Fassungslos starrt der Bahnfahrer auf die Stelle. Dann schaut er auf das entwurzelte Blümchen, das schlaff zwischen den Fingern seiner Hand liegt. Es läßt das weiße Blütenköpfchen hängen, welkt in Sekunden dahin, trocknet aus, zerfällt zu feinem Staub, der zu Boden rieselt, wo er gänzlich verschwindet.
Immer noch gafft der Bahnfahrer mit offenem Mund abwechselnd auf die verschlossene Stelle am Boden und auf seine leeren Hände. Ein wirrer, und trotzdem unermesslich langsamer Gedanke schleicht sich durch das Schneckenhaus in seinem Kopf. Dieser Gedanke erzählt ihm von Gänseblümchen. Von vielen Gänseblümchen auf einer riesigen Wiese, auf der kleine, bloße Gänsefüßchen herumlaufen. Gänsefüßchen. Mit denen jeder Satz beginnt. Oder aber endet. Solange er nur ausgesprochen wird.

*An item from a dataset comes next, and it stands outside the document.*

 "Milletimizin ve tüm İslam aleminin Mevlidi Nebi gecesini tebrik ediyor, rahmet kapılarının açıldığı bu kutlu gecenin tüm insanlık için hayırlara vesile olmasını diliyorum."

Eine unendlich lange Zeit steht der Bahnfahrer regungslos da, starrt nur herab auf Hände und Tunnelboden. In diesen wenigen Minuten altert er scheinbar um Jahrzehnte.

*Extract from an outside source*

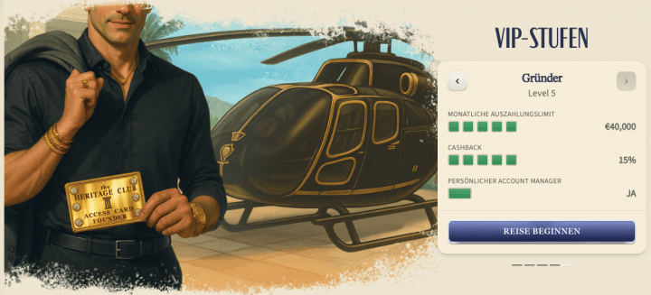| VIP-Level 5 | 2.000 € | 10.000 € | 40.000 € |

Dann beginnt er wieder zu gehen. Doch sind seine Schritte nur noch ein Schlurfen, schwer und müde, als rolle er seit Urzeiten einen großen Stein einen Berg hinauf. Träge schleift er die Füße hinter sich her. Nur nebenbei bemerkt er, daß er dabei die Tinte der Buchstaben verschmiert. Doch das ist dem Bahnfahrer egal. Er fühlt sich nur noch müde. Er versucht, nur auf seine Schuhe zu schauen, um die Buchstabenzeilen nicht mehr sehen zu müssen und um sich auf den nächsten Schritt zu konzentrieren, nur noch auf den nächsten Schritt. Und stets kommt ihm dieser schwerer vor als der letzte. Alles ist ihm egal geworden. Und selbst wenn die schienenartigen Streifen, die er hinter sich herzieht, irgendwann vor ihm auftauchen werden, so wird ihm auch das egal sein. Der einzige Vorteil, den er darin sehen wird, wird sein, daß es zumindest wie Schienen aussieht, was ihm den Weg in eine Unendlichkeit weist. In Gewissen-Haft. In eine schlauchartige Unendlichkeit einer einzigen runden Wand, bedruckt mit Buchstaben verschiedensten Schrifttyps, in langen Reihen aneinandergefügt, ohne Sinn und Bedeutung, wie das stumpfsinnige Geschwafel von Leuten, die hinter einer Bahnfahrerkabine stehen und sich mit nichtswertigen Informationen einlullen.
Und so schiebt er sich auf verschmierten Tintengleisen weiter voran, ohne etwas anderes zu wollen, als endlich ein wohltuendes Dunkel am Ende dieses Tunnels zu sehen.